Класс взорвался хохотом. Кто-то кинул в Растеряева большим огрызком яблока, в ответ тут же полетела тряпка, и через несколько секунд по кабинету летали ластики, ручки, карандаши, линейки – всё, что оказывалось под рукой. Сенька кривлялся у доски, изображая учительницу, отбивал летящие в него предметы и при этом тонко и противно визжал. Ребята хохотали, шумели, свистели. Если бы кто-нибудь в эту минуту вошёл в класс, ему бы показалось, что он попал в сумасшедший дом. Резвились все: даже самые примерные ученики и те норовили толкнуть в бок своего соседа, а затем делали вид, что читают учебник.
Лишь один светловолосый мальчуган на последней парте сидел спокойно, не участвуя в происходящем. Это был Коля. Он молча разглядывал портреты писателей на стене и думал о чём-то своём.
В коридоре неожиданно послышались тяжёлые шаги.
– Шухер! – громко крикнул заводила Растеряев, швырнул разорванную тряпку на доску и прыгнул на своё место. Класс мгновенно затих.
Марьяна Михайловна вошла в кабинет запыхавшаяся и расстроенная, хотела возобновить поиски, но передумала и опять обратилась к ребятам:
– В столовой их нет. Скажите, вы правда не видели?
Не получив ответа, учительница дрожащими пальцами снова начала перебирать тетради, ручки, учебники, потом в обратном порядке – учебники, ручки, тетради… Очков нигде не было.
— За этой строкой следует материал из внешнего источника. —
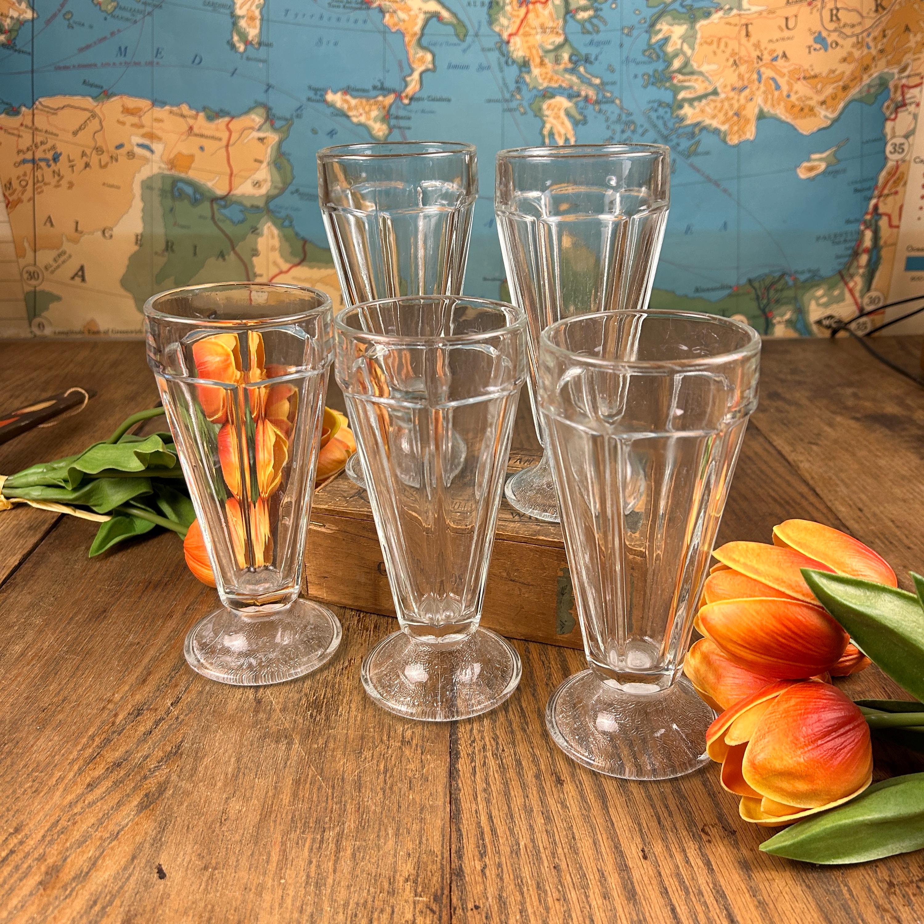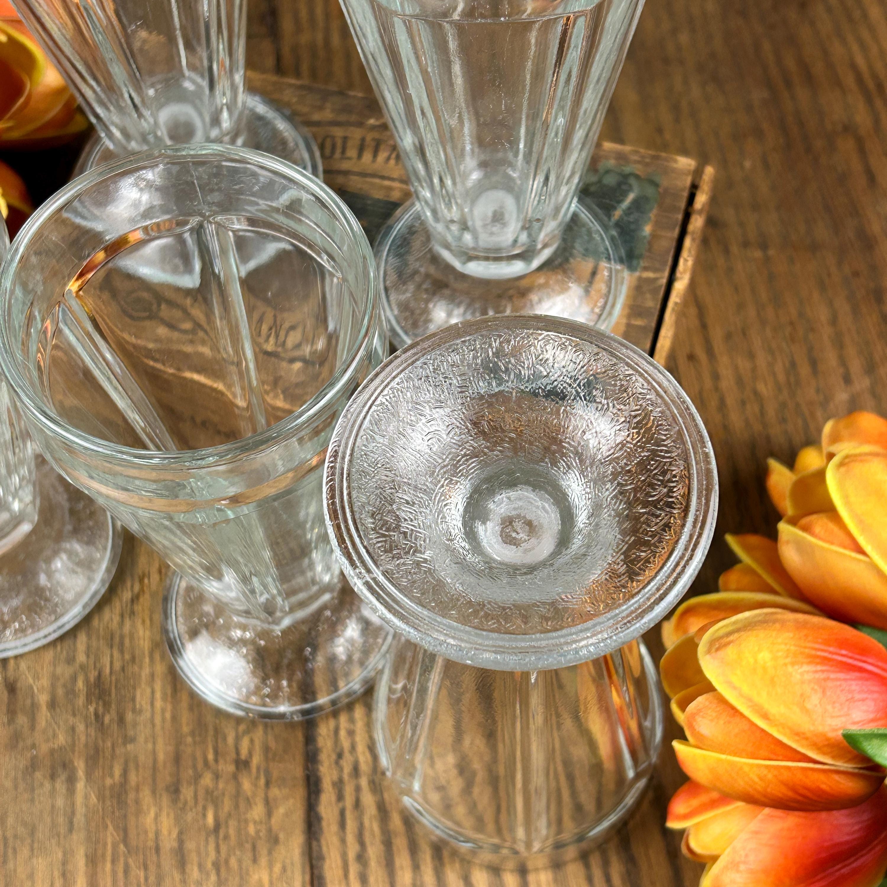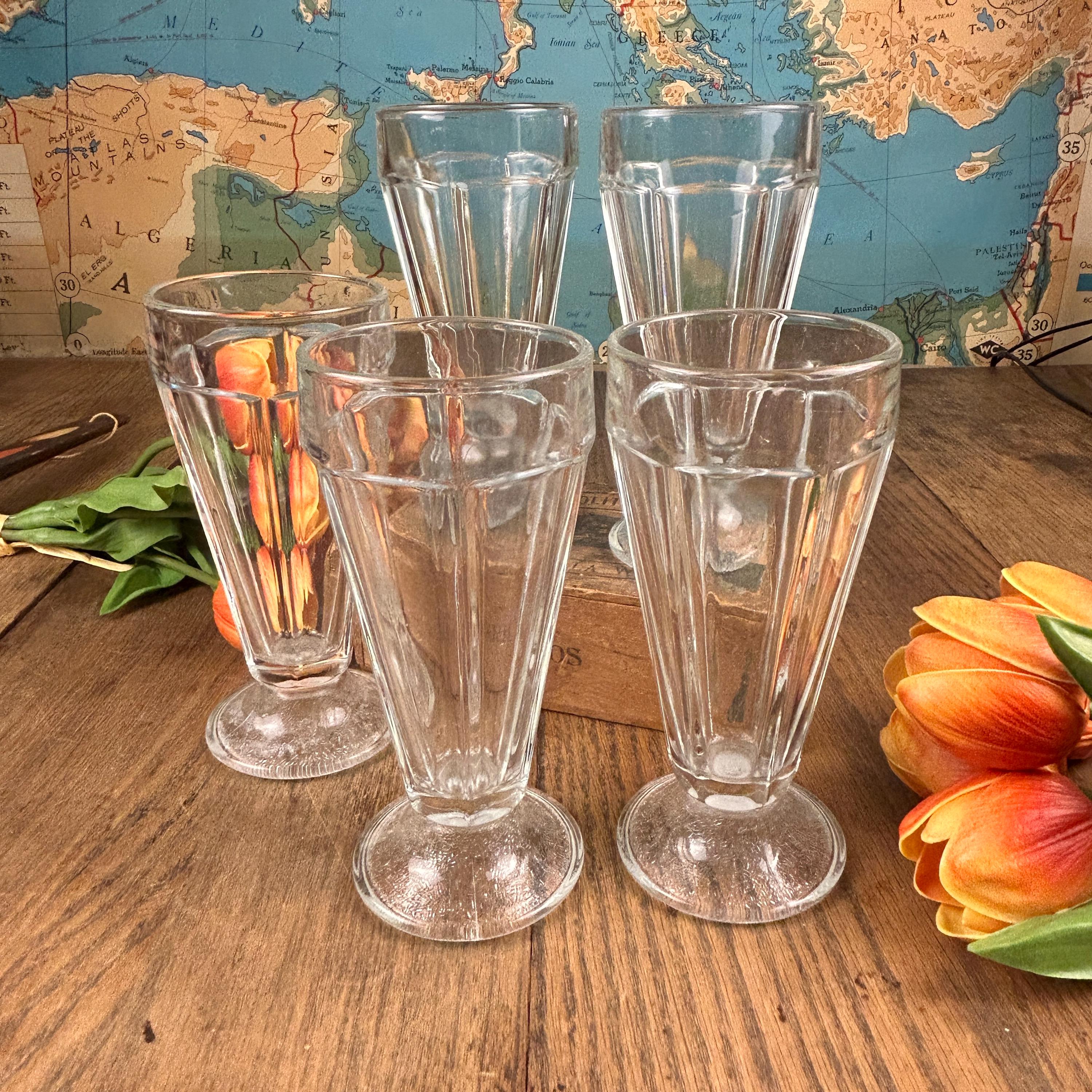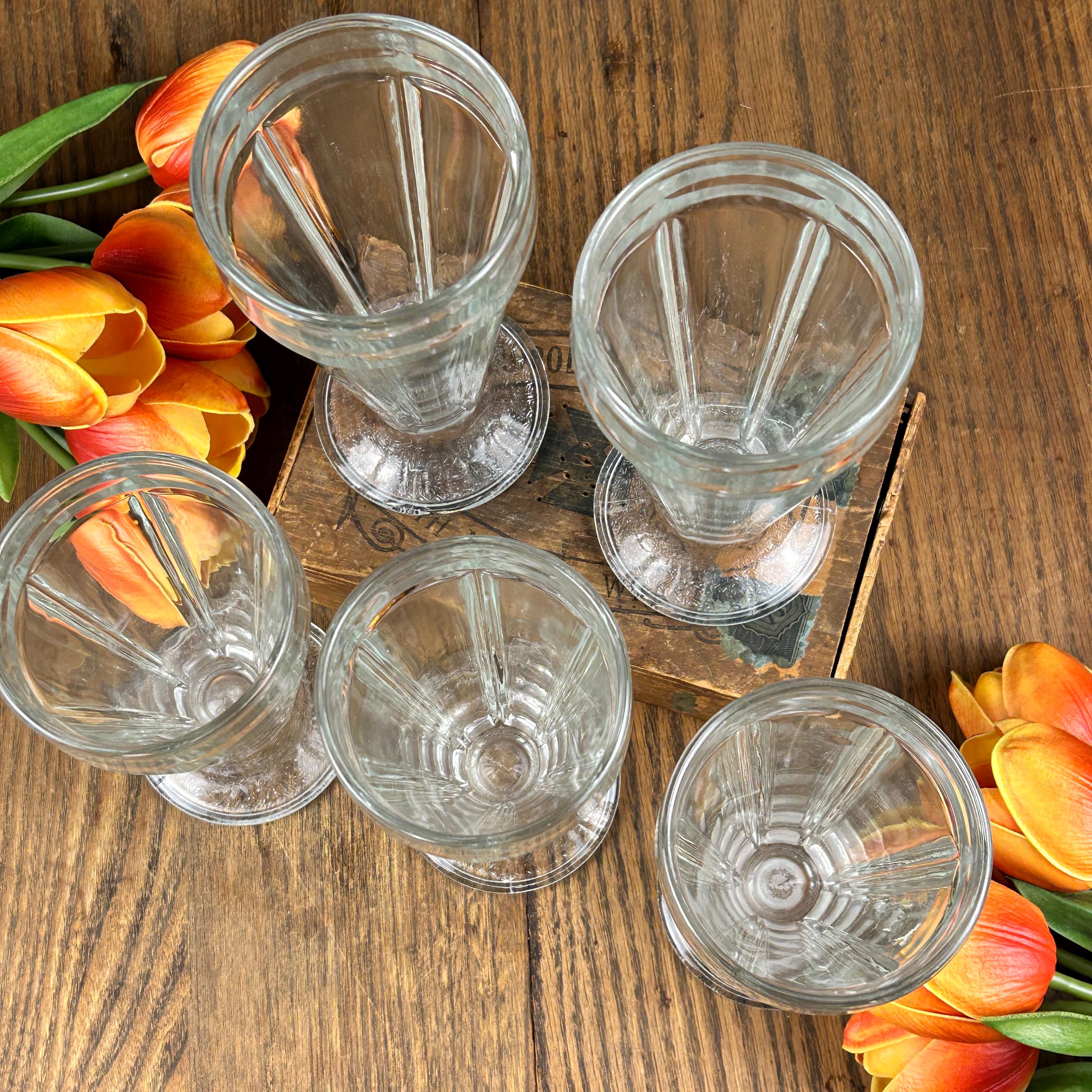 This is a rare vintage set of five soda shop milkshake glasses—the perfect addition to any midcentury modern kitchen decor.

Тяжело вздохнув, пожилая женщина оперлась рукой на стол и опустила седую голову.
Класс пристально следил за ней. Каждый реагировал по-своему. Сенька светился от счастья. Он толкал впереди сидящих, поворачивался назад, подмигивал товарищам, мол, здорово я всё придумал…
Коля, напротив, сидел сердитый и красный. Сначала он старался не обращать внимания на происходящее, но чем дольше затягивалась пауза, тем злее становилось его лицо. Колька ненавидел Сеньку за гнусный поступок, мечтал лишь о том, чтобы поскорее кончился урок, и тогда он выбежит из-за парты, бросится на Сеньку – и неважно, что тот сильнее… В то же время Коля злился и на себя. Ему было жаль, нестерпимо жаль Марьяну Михайловну, он досадовал на себя за это, в душе называя «слабаком», «девчонкой», но не мог не жалеть…
Мальчик сидел, опустив голову, и рассматривал извилистую трещину на парте.
– Ребята!.. – снова с мольбой в голосе обратилась к классу учительница.
Коля быстро поднял взгляд, и его будто кольнуло что-то. Он увидел учительские глаза: влажные от навернувшихся слёз, беспомощные, с надеждой обращённые к классу…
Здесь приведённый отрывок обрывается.